A: PTBP1 degradation occurs in time-dependent manner and is not prevented by proteasome inhibitor MG132. MDA468 cells were treated as in Fig. 1C with 1 mM H₂O₂ in the presence or absence of MG132 (10 µM). Western blot analysis was performed to visualize the expression of PTBP1. β-actin served as a loading control. Biological duplicates for each treatment are shown; blots are representative of three independent experiments with similar results. B: Densitometry analysis of PTBP1 protein levels normalized on β-actin. Averages for representative biological duplicates for each treatment are shown. C: H₂O₂ exposure does not affect PTBP1 mRNA levels. MDA468 cells were treated with indicated concentrations of H₂O₂ for 24 hours. Relative abundance of PTBP1 mRNA in samples was analyzed by RT-qPCR analysis. Average ΔCt ± SD for biological triplicates are shown. D: PTBP1 degradation depends on thiol oxidation and is not rescued by inhibition of de novo protein synthesis. Western blot analysis performed on MDA468 cell lysates treated for 24 hours with inhibitor of protein synthesis cycloxemide (2 µg/ml) and different factors inducing oxidative stress: 1 mM BSO (GSH depletion inducer); 1 mM HEDS (thiol oxidation inducer) and 0.01 units/ml of Glucose Oxidase (increases production of ROS). Shown Western blots are representative of three independent experiments with similar results.

Figure 4. PTBP1 response to H₂O₂-induced degradation varies in different breast cancer cell lines.

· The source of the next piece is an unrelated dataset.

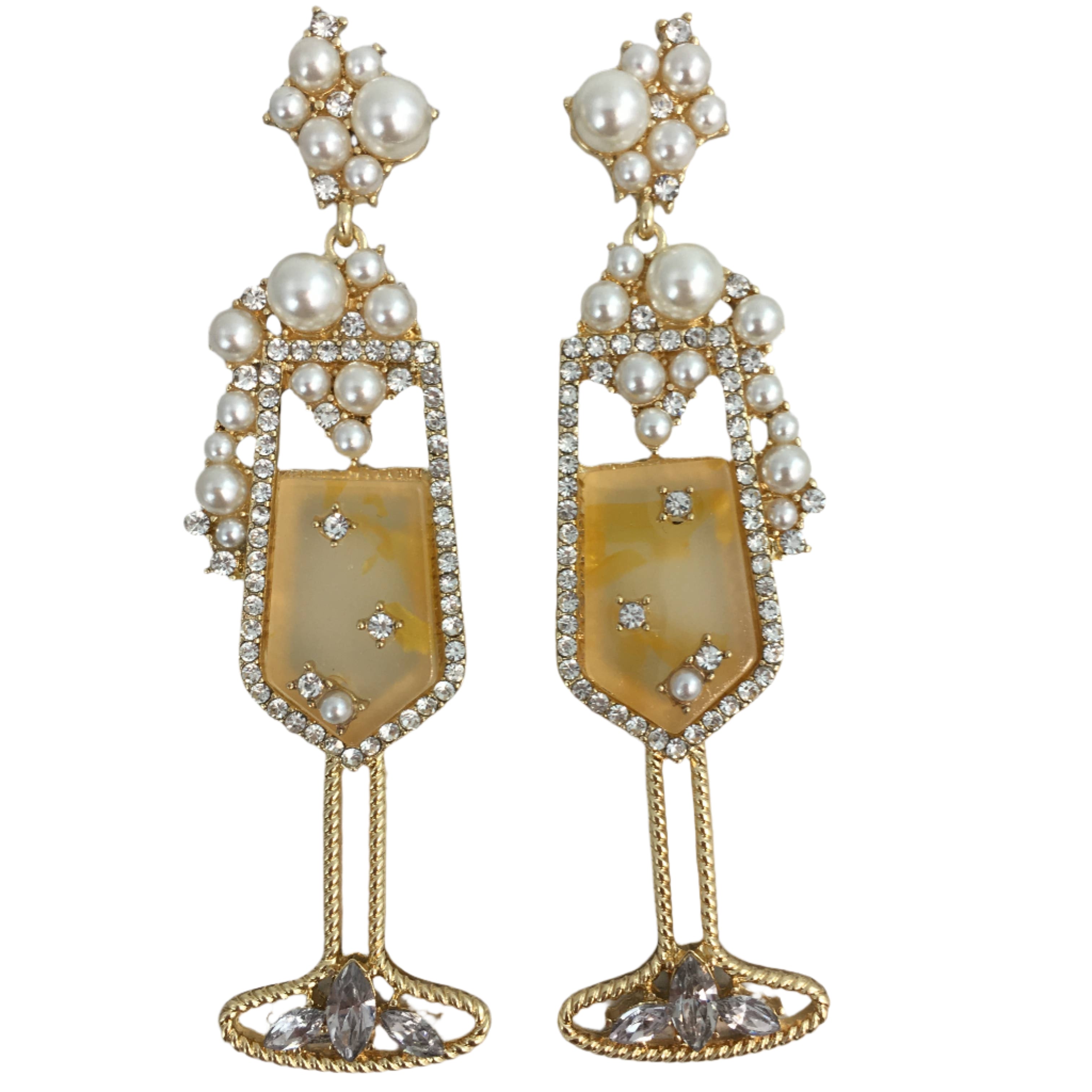 Make a toast to bold style with these champagne glass earrings, designed to dazzle! Measuring 3 inches long and finished in shimmering gold, these statement earrings bring sparkle and celebration to any look. Lightweight yet eye-catching, they're the perfect accessory for parties, events, or whenever you're feeling festive.
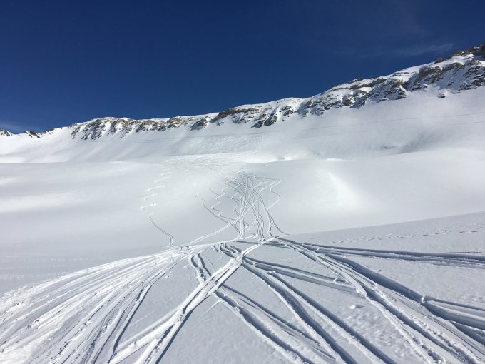 Abfahrten nordseitig alle noch pulvrig. Wer ein anderes Ziel als Wiss-/ oder Spitzmeilen wählt, wird noch viel Raum finden.

A: Western blot analysis examining PTBP1 expression in MDA231, MDA453, MDA468 and MCF7 cells treated with 1 mM H₂O₂ for 18 hours. Representative biological duplicates are shown. B: MDA453 cells are resistant to H₂O₂-induced PTBP1 degradation. Top panel: MDA453 cell were treated with different concentration of H₂O₂ and cell lysates were subjected to Western blot analysis with antibodies towards PTBP1 and β-actin. Shown blots are representative of four independent experiments with similar results. Bottom panel: densitometry analysis of PTBP1 protein levels normalized on β-actin levels. Averages for representative biological duplicates for each treatment are shown.

Figure 5. H₂O₂ cytotoxicity analysis in MDA468 and MDA453 cells.

Survival curve was generated in response to H₂O₂ dosage using trypan exclusion method and expressed as % of survival to untreated controls. Mean ± SD of three independent passages performed in triplicates are shown, *- p<0.05 by Student's t-test in comparison to control.